◆ **Dataset excerpts**:
▬▬▬

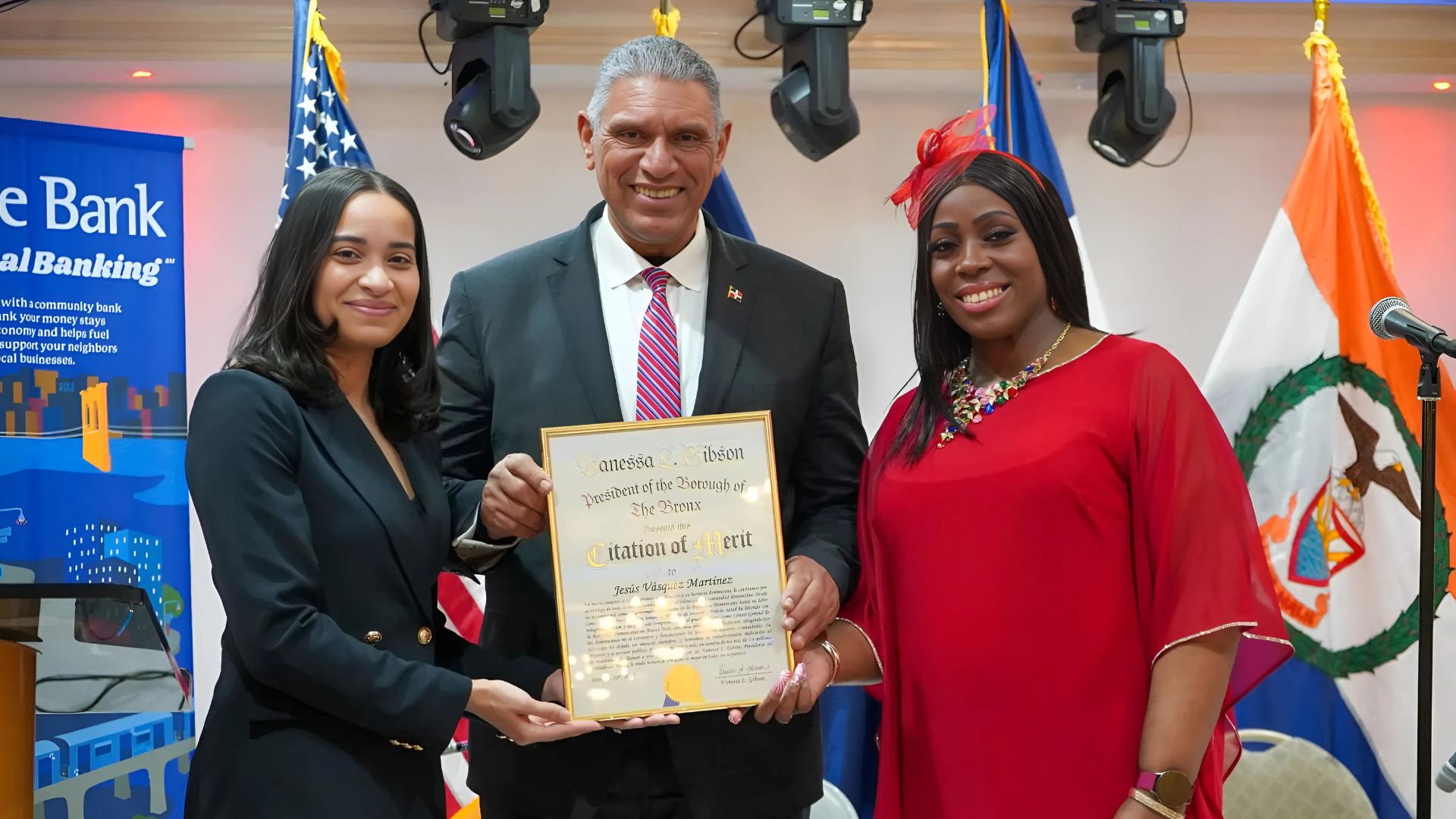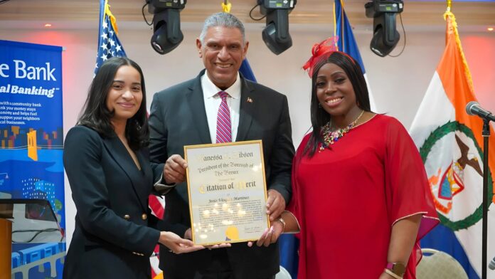 NEW YORK, EEUU.- El Cónsul General de la República Dominicana en Nueva York, Jesús Vásquez Martínez, recibió un reconocimiento por su destacada trayectoria gubernamental en un evento organizado por la presidenta del distrito del Bronx, Vanessa Gibson.
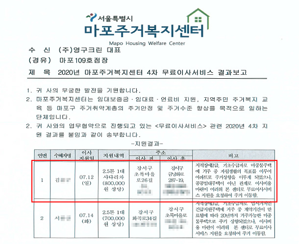 2020년 7월 12일 109호 무료 이사 지원 서비스
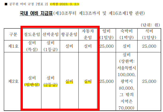 예컨대 국내출장 시 ‘제1호’ 대상(고위직)과 ‘제2호’ 대상(일반직)으로 구분되어 있으며, 제1호는 특실·1등석·비즈니스석 등이 가능하지만 제2호는 일반실·이코노미석 적용이 통상입니다. 또한 자가용을 이용한 경우에는 ‘자동차운임’ 대신 연료비·통행료·주차료 등의 지급이 가능하다는 규정이 있습니다.
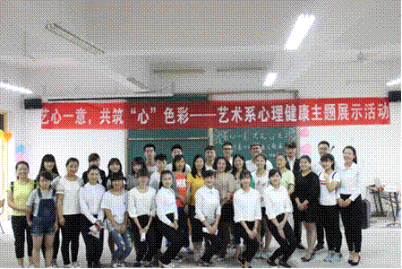 2015年6月12日,万象城awcsport官网第八届心理健康教育文化节系列活动——艺术系“艺心一意共筑‘心’色彩”心理健康主题展示活动,在江北校区2102教室成功举行。我系团总支书记黄娟老师、辅导员艾蕾老师,专业课教师郭秀老师、朱云飞老师与100余名学生共同参加了活动。
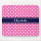 Hot Pink #2 Wht Polka Dots Navy Blue Name Monogram Mouse Mat

▬▬▬

◆ **WORK REQUEST**: Write out the lines from the line with "2020년 7월 12일 109호 무료 이사 지원 서비스" through the end of the records exactly; do not include pictures or any other lines.

◆ **RESPONSE**:
 2020년 7월 12일 109호 무료 이사 지원 서비스
 예컨대 국내출장 시 ‘제1호’ 대상(고위직)과 ‘제2호’ 대상(일반직)으로 구분되어 있으며, 제1호는 특실·1등석·비즈니스석 등이 가능하지만 제2호는 일반실·이코노미석 적용이 통상입니다. 또한 자가용을 이용한 경우에는 ‘자동차운임’ 대신 연료비·통행료·주차료 등의 지급이 가능하다는 규정이 있습니다.
 2015年6月12日,万象城awcsport官网第八届心理健康教育文化节系列活动——艺术系“艺心一意共筑‘心’色彩”心理健康主题展示活动,在江北校区2102教室成功举行。我系团总支书记黄娟老师、辅导员艾蕾老师,专业课教师郭秀老师、朱云飞老师与100余名学生共同参加了活动。
 Hot Pink #2 Wht Polka Dots Navy Blue Name Monogram Mouse Mat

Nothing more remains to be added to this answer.